-------- RECORDS PROVIDED

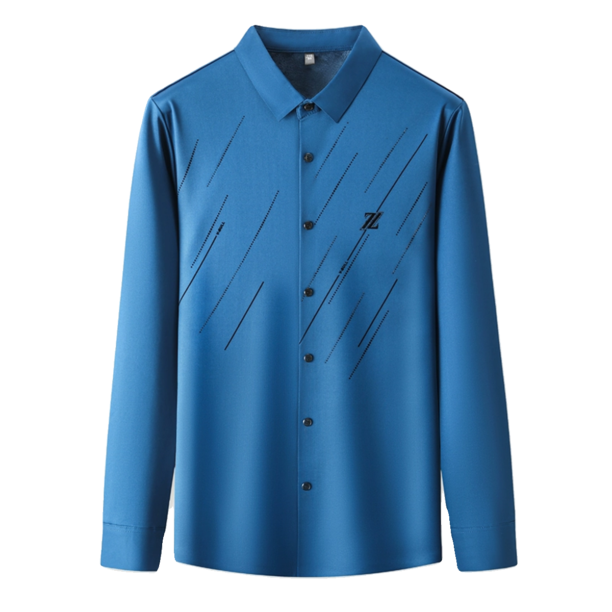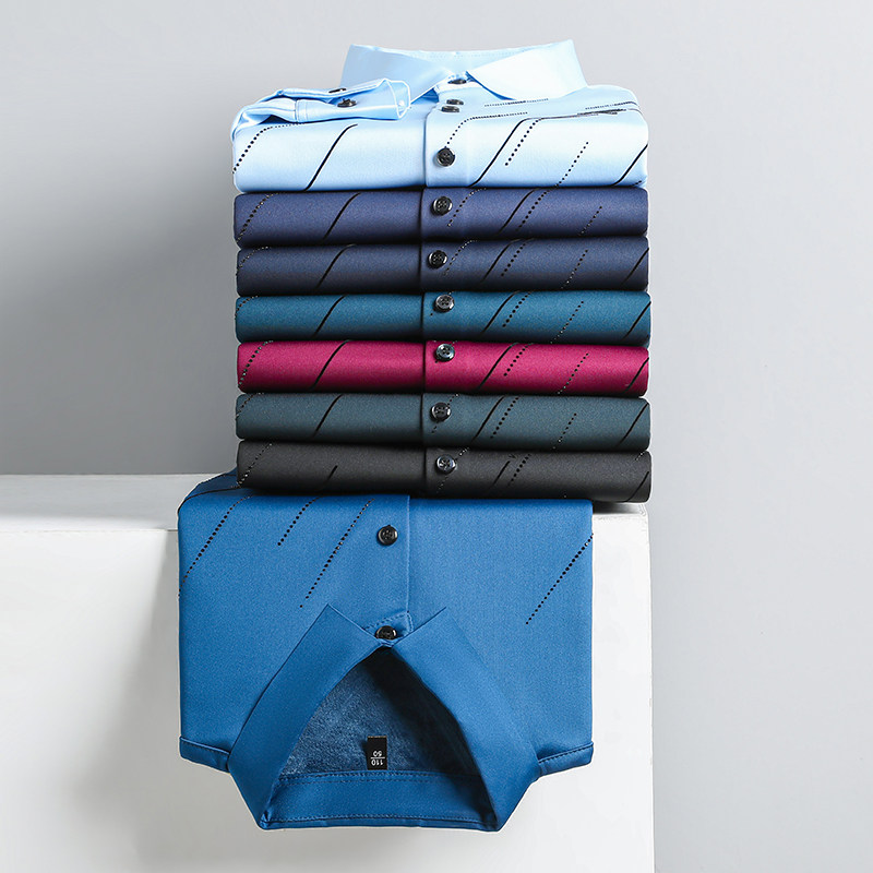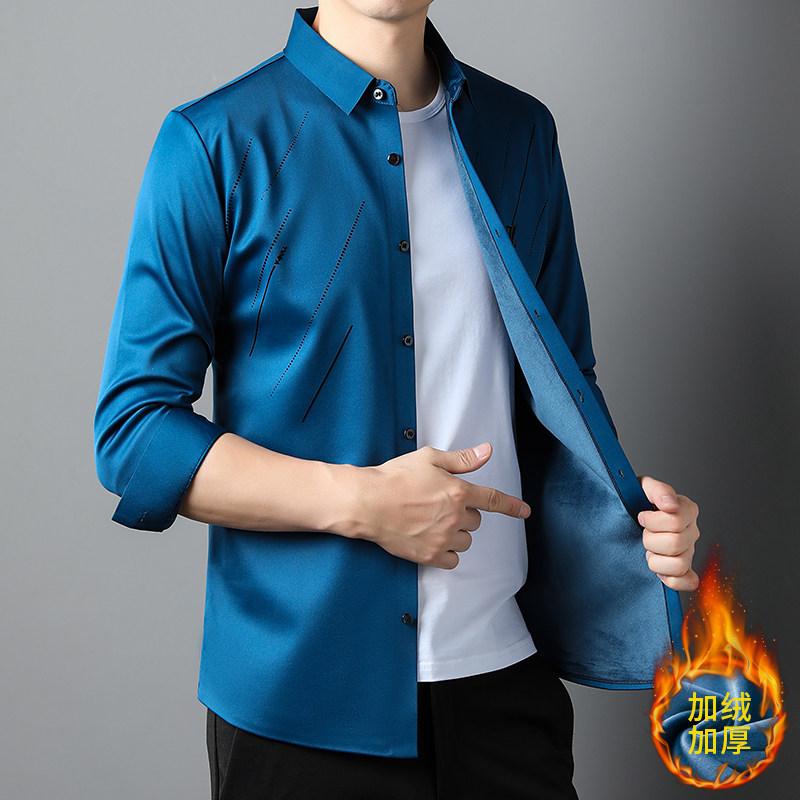 保罗潮流男士长袖保暖衬衫秋冬季加绒加厚高弹力无痕高端真丝衬衣
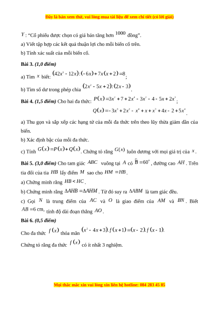 Bài 6. (0,5 điểm) Cho đa thức thỏa mãn
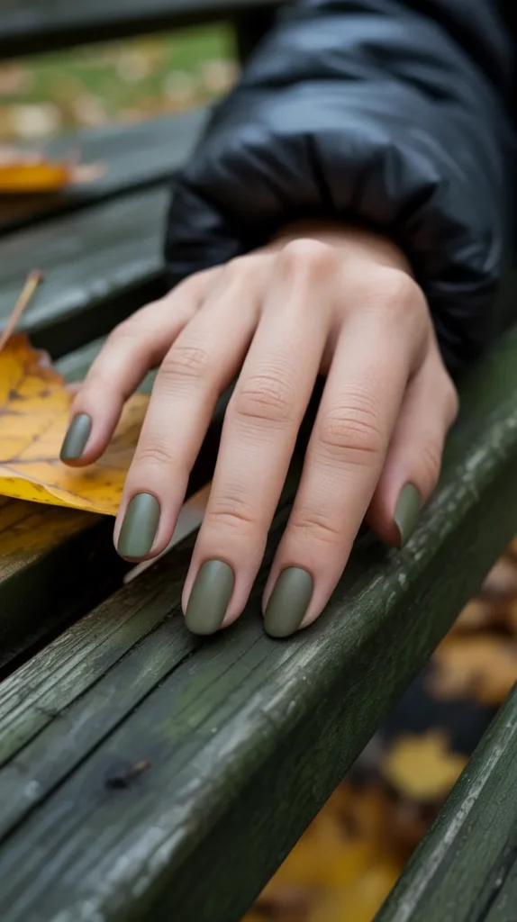 Matte olive green nails capture the earthy calm of late fall. They’re minimalist but full of character, offering a muted take on winter nails style. This shade feels organic, grounded, and ideal for transitioning seasons. 🌿
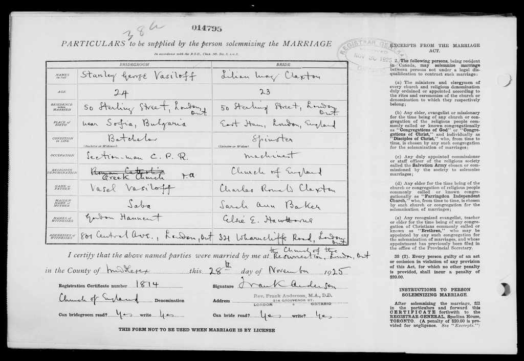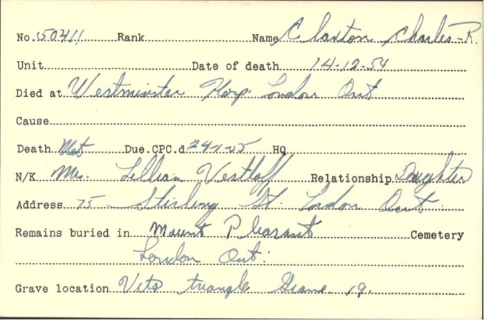 Source: Per photograph of headstone by the London Robinsons at the 18th Battalion Facebook Group.
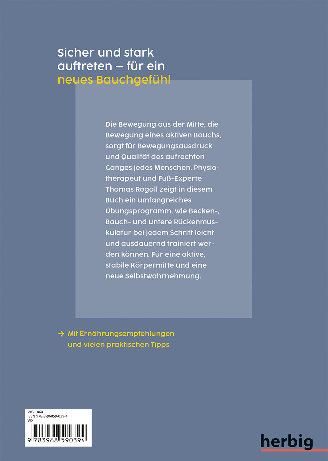 Die Bewegung aus der Mitte, die Bewegung eines aktiven Bauchs, sorgt für Bewegungsausdruck und Qualität des aufrechten Ganges jedes Menschen. Physiotherapeut und Fuß-Experte Thomas Rogall zeigt in diesem Buch umfangreiche Übungen, wie Becken- und Bauchmuskulatur bei jedem Schritt leicht und ausdauernd trainiert werden können. Für eine aktive Körpermitte und gesunde Gelenke.
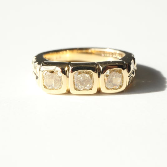 贅沢に配された3石のイエローダイヤモンドが、ゴールドの輝きと溶け合い、他にはない温かみと重厚感を放つ一本。リングサイドには、幾何学的に配置されたプリンセスカットのホワイトダイヤがさりげない煌めきを添え、全体に立体感とリズムを生み出しています。社名:岡田優子・WAI JEWELRY
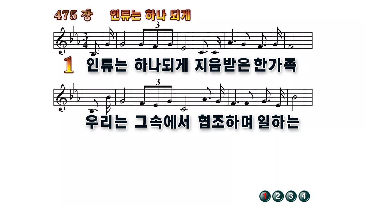새찬송가 '475장 인류는 하나되게'의 16:9 와이드버전으로 편집된 배경 없는 새찬송가 PPT악보입니다.
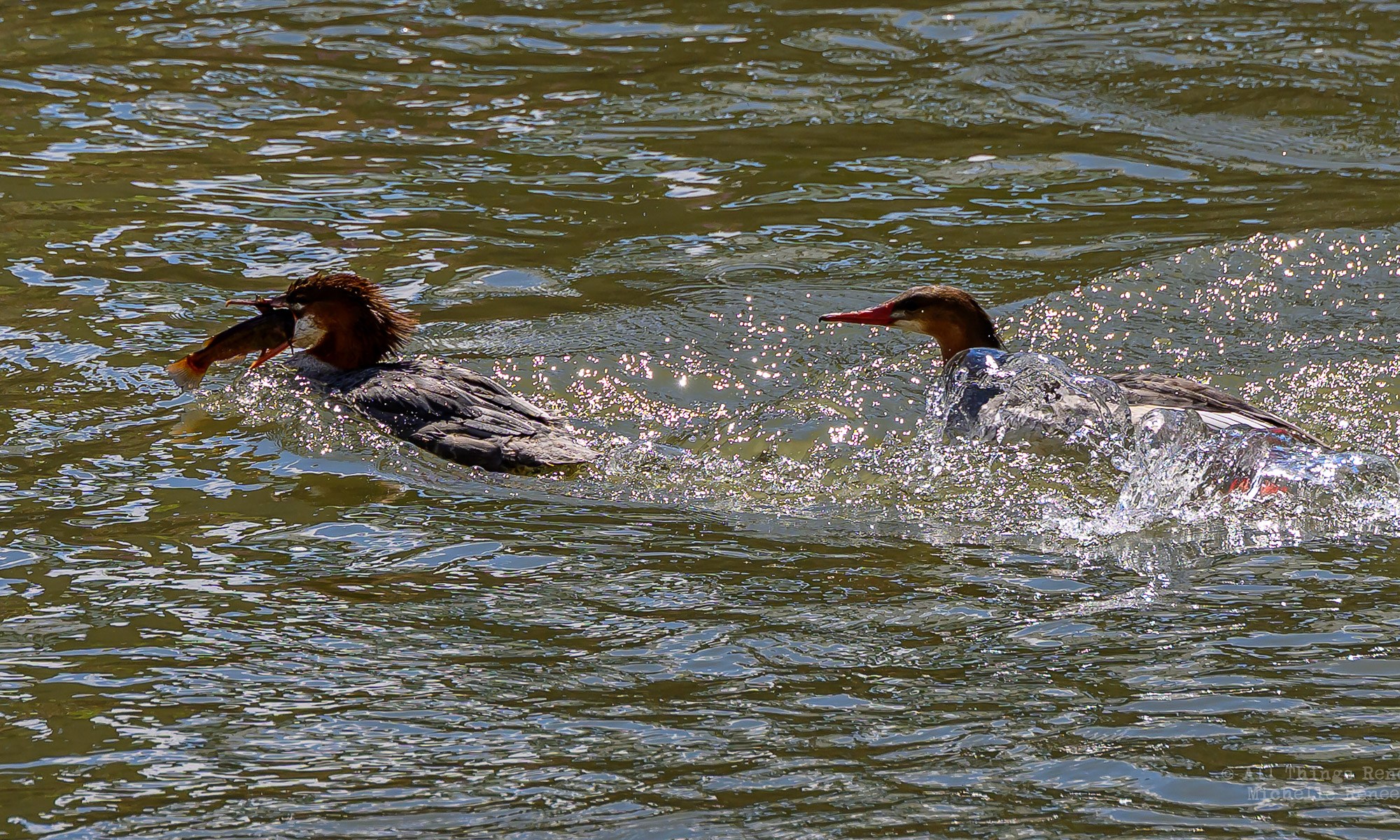A young female Common Merganser caught herself a small trout and wasn’t interested in sharing her loot with those in pursuit. But she was having difficulty getting her prize catch down her throat. Especially while being pursued.
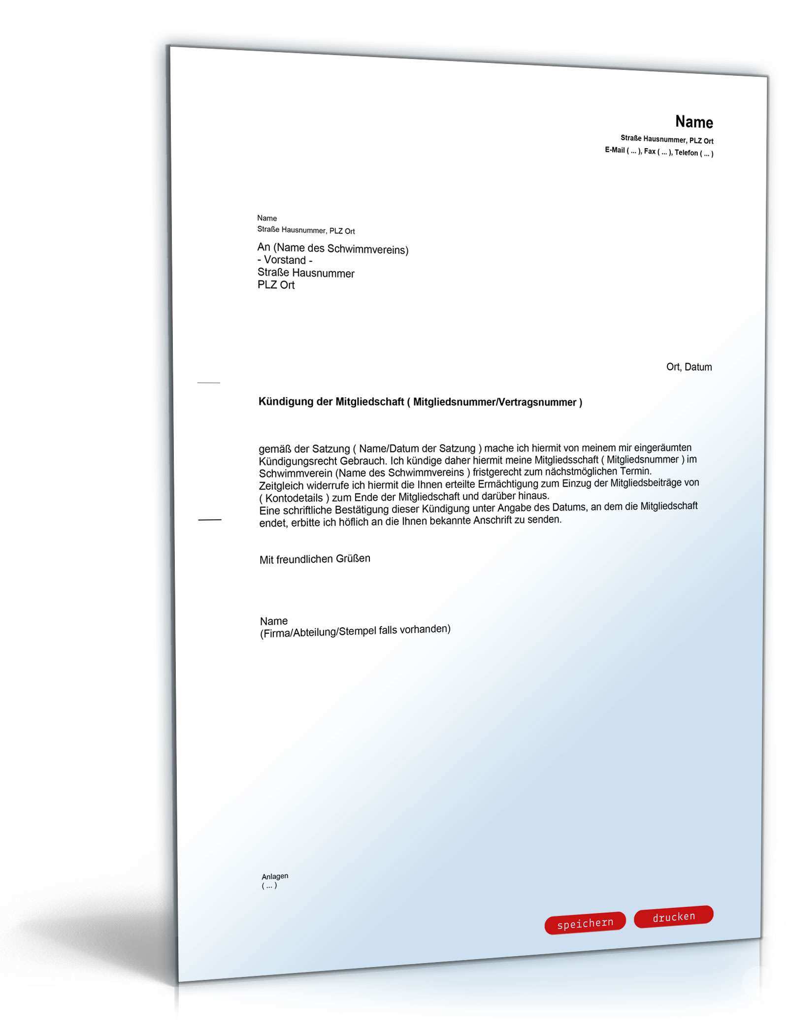 Sowohl verein als auch mitglied haben die möglichkeit den vertrag der meist für eine bestimmte vertragslaufzeit abgeschlossen wird und sich danach automatisch verlängert zu kündigen. Achten sie beim verfassen der kündigung insbesondere auf die vom verein angegebene kündigungsfrist weiterlesen. Muster macht es einfach. Schnell und einfach in nur wenigen minuten erledigt.
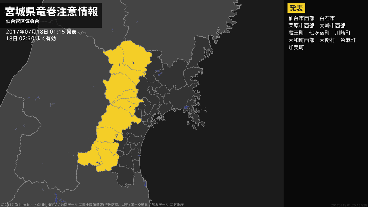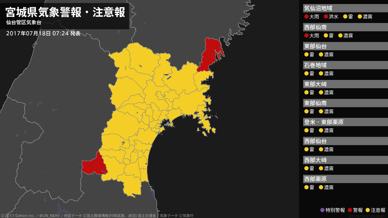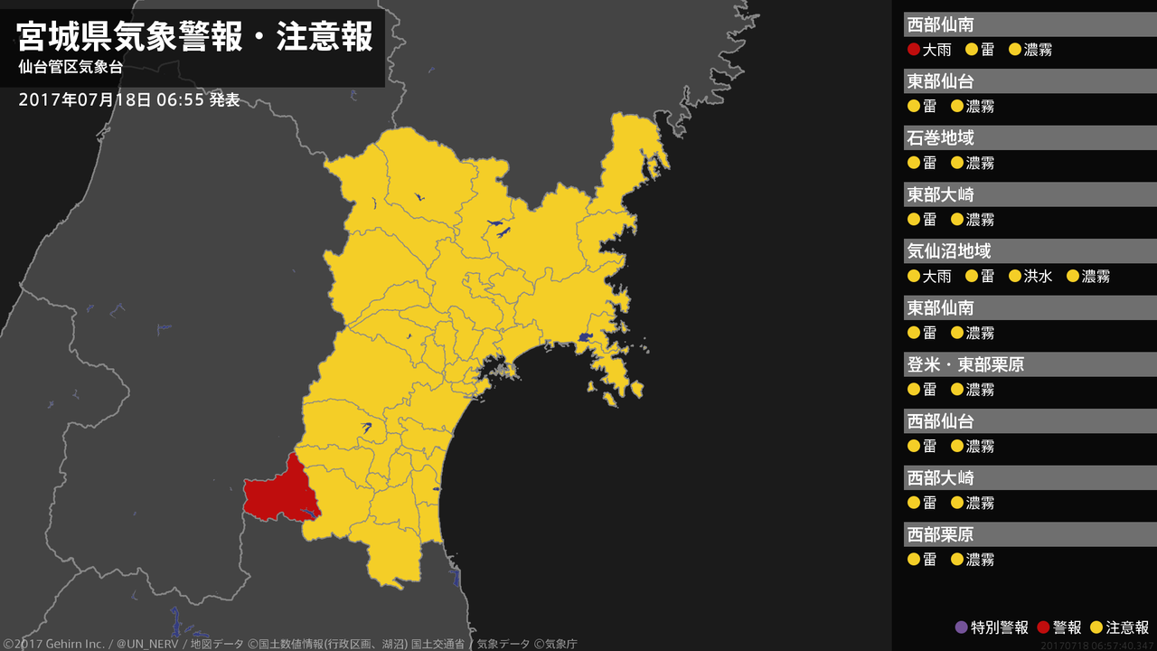 【宮城県 気象警報・注意報 2017年07月16日 17:30】西部では、16日夜遅くまで土砂災害や河川の増水に注意してください。宮城県では、16日夜のはじめ頃まで落雷に、16日夜遅くまで濃霧による視程障害に注意してください。#気象警報注意報 #宮城県
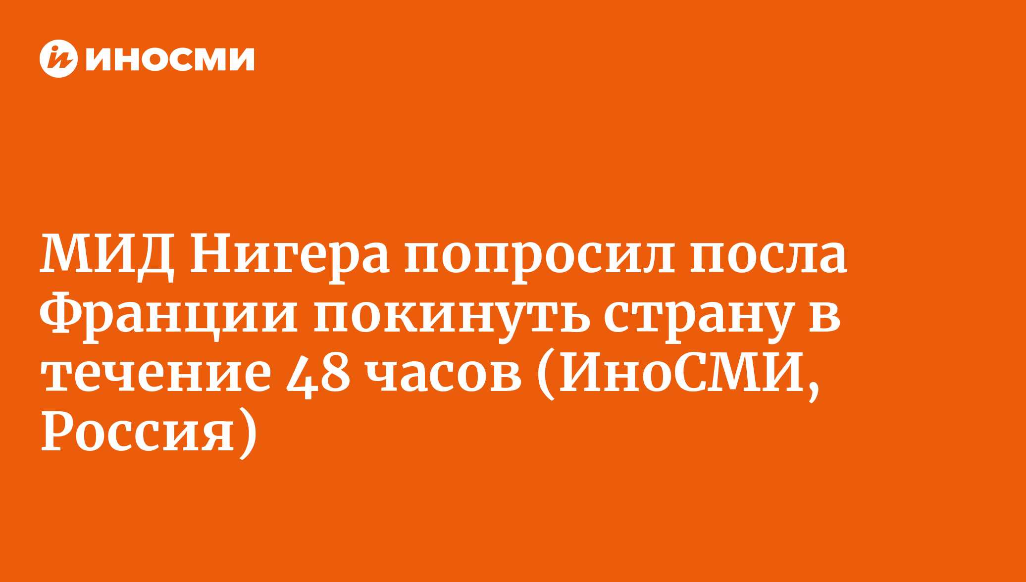 В МИД Нигера заявили, что французский посол лишается агремана и должен покинуть страну в течение 48 часов. Документ размещен на сайте ведомства.Причиной подобного решения стали действия французского правительства, не отвечающие интересам Нигера."Компетентные нигерские власти приняли решение лишить своего агремана господина Сильвена Итте и попросить его покинуть территорию Нигера в (течение) 48 часов", - отметили во внешнеполитическом ведомстве.
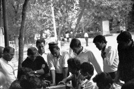[Grupo de personas observan una partida de ajedrez] [fotografía] Hans Ehrmann.
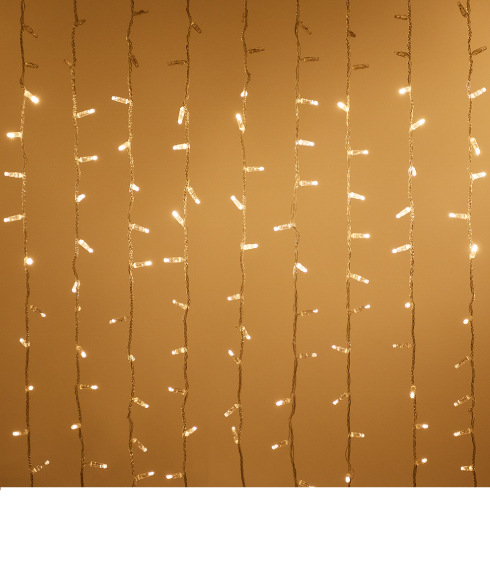 Гирлянда-занавес, состоящая из нитей равной длины, привнесет атмосферу волшебства и уюта даже в самую будничную обстановку.
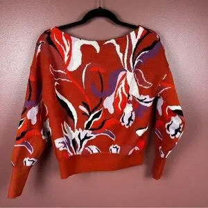 Maeve Boat Neck Orange and White Knit Sweater Size XS

----------------

*WORK INSTRUCTIONS*: Only the lines from the line with "Гирлянда-занавес, состоящая из" to the end of the records should be repeated, exactly and without pictures.

*RESPONSE TO THIS EXERCISE*:
 Гирлянда-занавес, состоящая из нитей равной длины, привнесет атмосферу волшебства и уюта даже в самую будничную обстановку.
 Maeve Boat Neck Orange and White Knit Sweater Size XS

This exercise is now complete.